WORK ORDER: No pictures should appear in the copy. Reproduce exactly the lines from the one containing "علي؟ فقال: خطوط" through the end of the material below.

WORKING DATA:
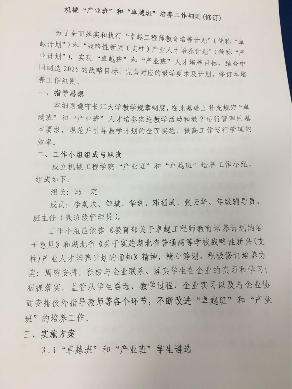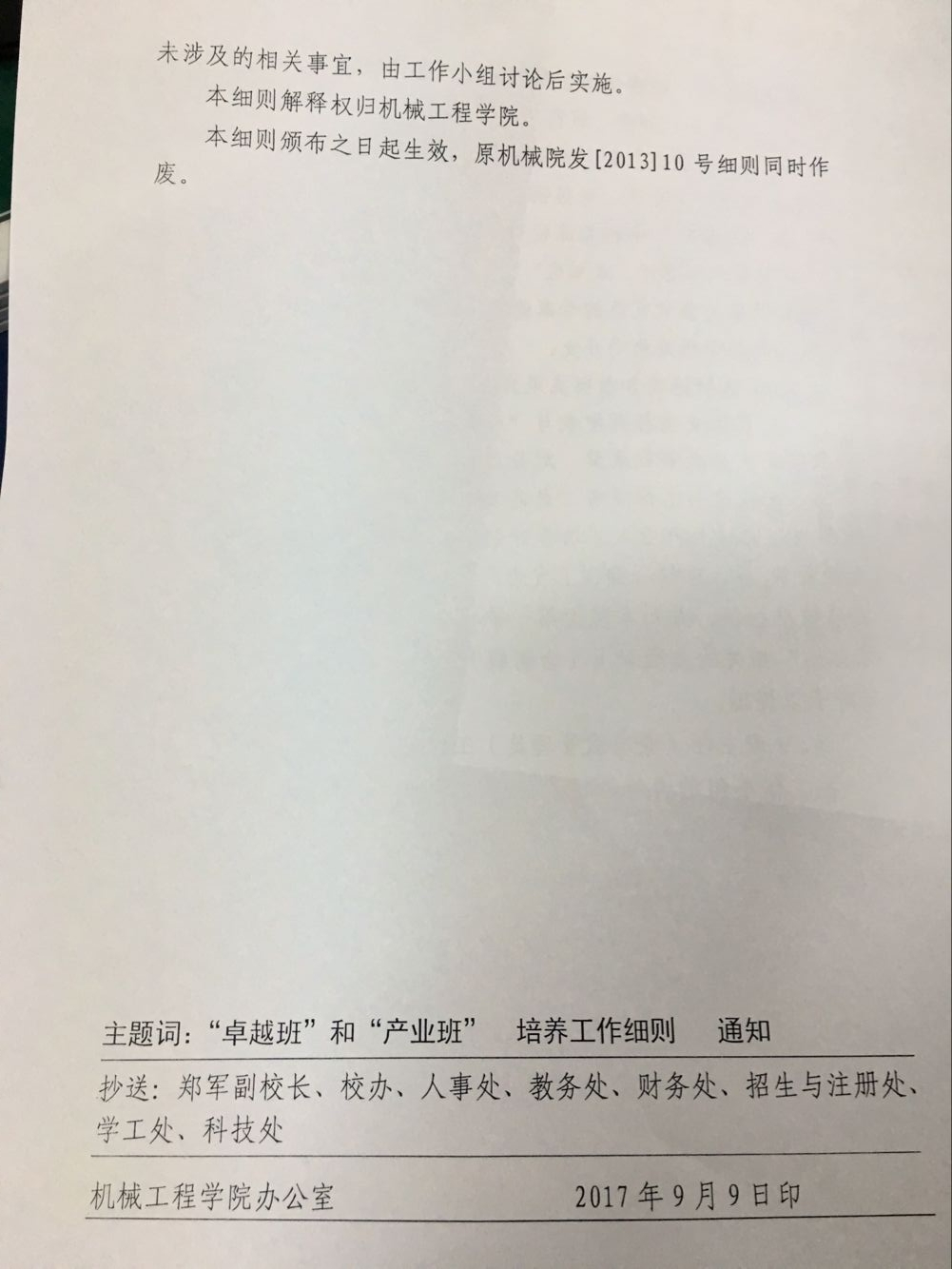 关于印发机械“产业班”和“卓越班”培养工作细则(修订)的通知
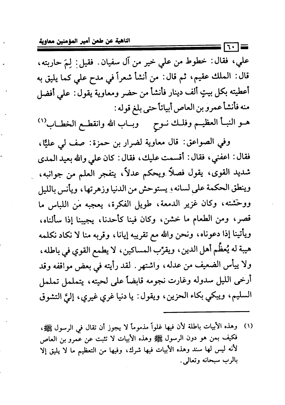 علي؟ فقال: خطوط من علي خير من آل أبي سفيان، فقيل: لم حاربته؟ قال: الملك عقيم، ثم قال: من أنشأ شعرا في مدح علي كما يليق به أعطيته بكل بيت ألف دينار، فأنشأ من حضر ومعاوية يقول: علي أفضل منه، فأنشأ عمرو بن العاص أبياتا حتى بلغ قوله: بيت
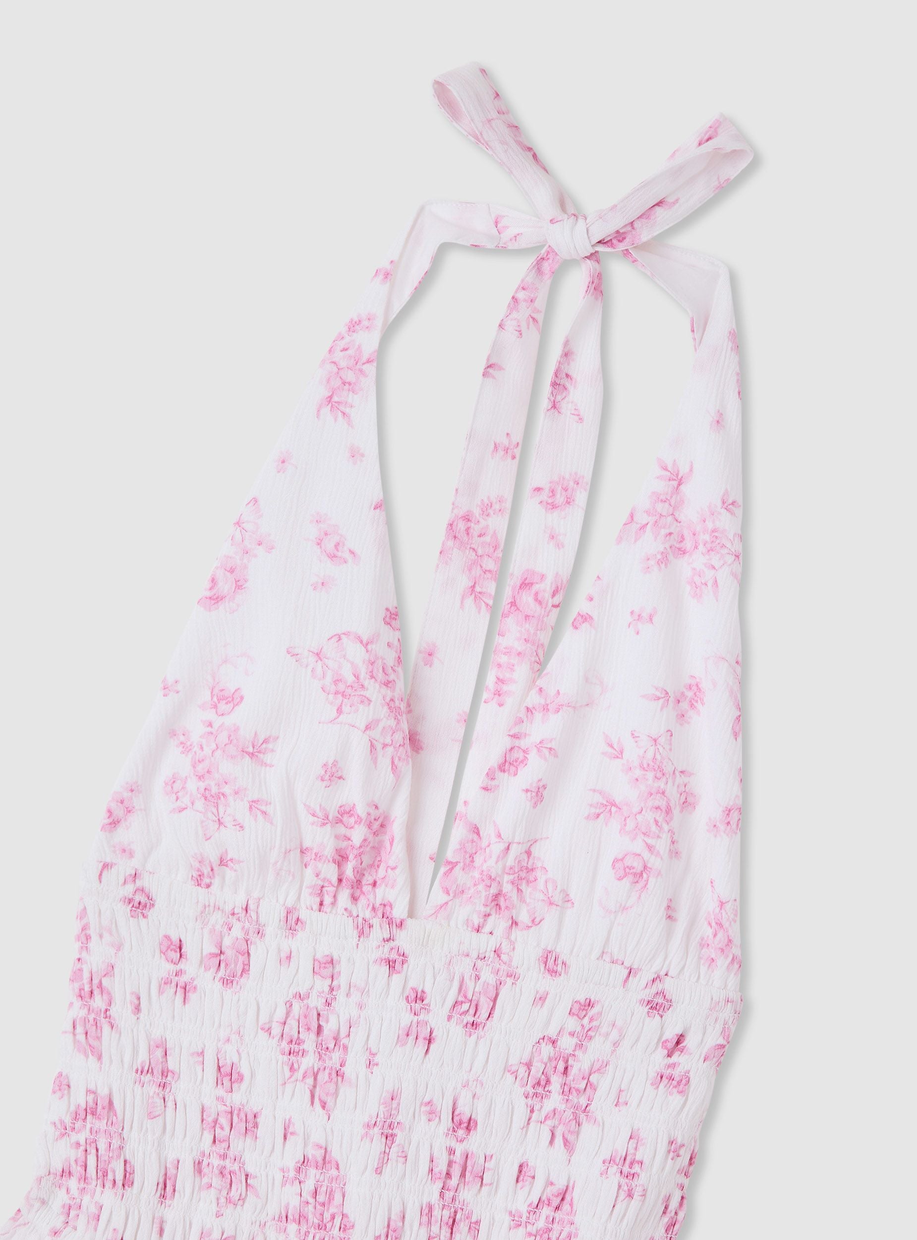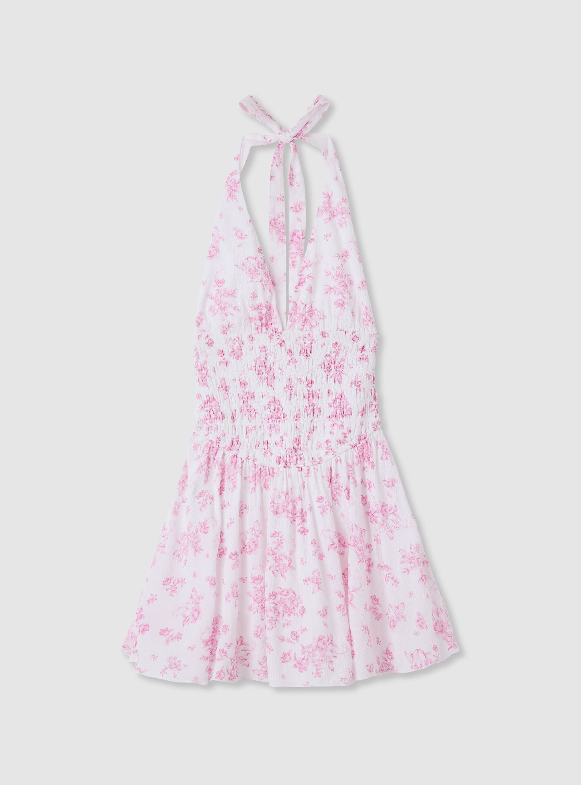 Abito da donna con stampa fiori e scollo halterneck con laccetti da annodare al collo. Corpetto con arricciatura elasticizzata che valorizza la silhouette e gonna svasata dal movimento leggero in lunghezza mini. Ideale con sandali e borsa a mano per giornate estive, aperitivi o vacanze.Dettagli
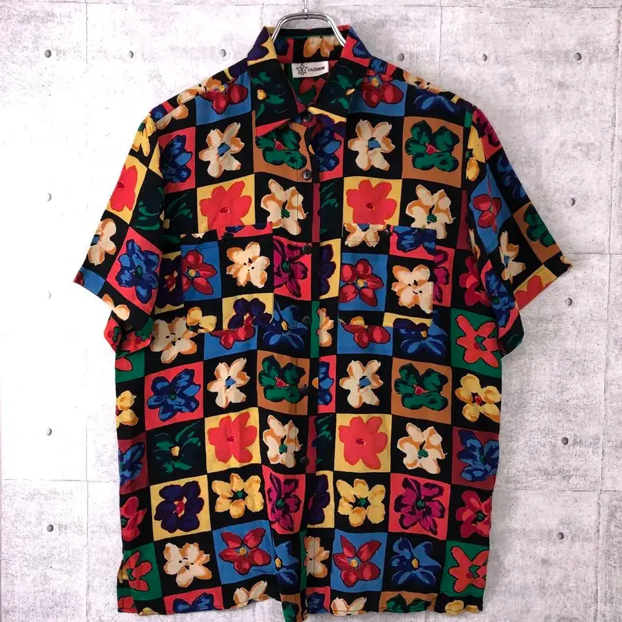 90년대 컬러풀 사이키 팝 구제 의류 가슴 포켓 꽃무늬 반팔 실크 셔츠
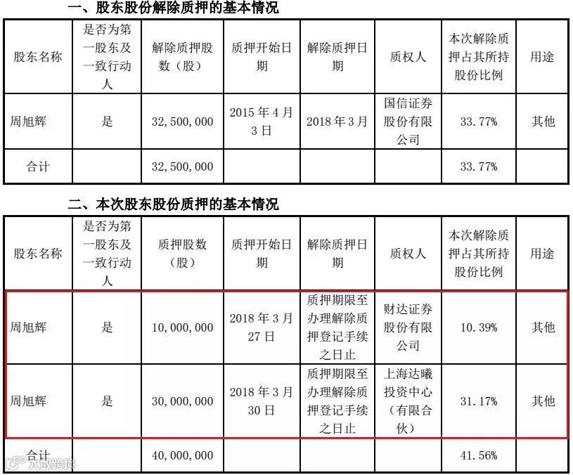 公告中还提到,截止本公告披露日,周旭辉先生共持有公司股份9625.12万股,占公司股份总数的27.98%;周旭辉累计质押股份9201.6万股,占其持有公司股份总数的95.60%,占公司总股本的26.75%。

ANSWER TO THIS TASK:
 علي؟ فقال: خطوط من علي خير من آل أبي سفيان، فقيل: لم حاربته؟ قال: الملك عقيم، ثم قال: من أنشأ شعرا في مدح علي كما يليق به أعطيته بكل بيت ألف دينار، فأنشأ من حضر ومعاوية يقول: علي أفضل منه، فأنشأ عمرو بن العاص أبياتا حتى بلغ قوله: بيت
 Abito da donna con stampa fiori e scollo halterneck con laccetti da annodare al collo. Corpetto con arricciatura elasticizzata che valorizza la silhouette e gonna svasata dal movimento leggero in lunghezza mini. Ideale con sandali e borsa a mano per giornate estive, aperitivi o vacanze.Dettagli
 90년대 컬러풀 사이키 팝 구제 의류 가슴 포켓 꽃무늬 반팔 실크 셔츠
 公告中还提到,截止本公告披露日,周旭辉先生共持有公司股份9625.12万股,占公司股份总数的27.98%;周旭辉累计质押股份9201.6万股,占其持有公司股份总数的95.60%,占公司总股本的26.75%。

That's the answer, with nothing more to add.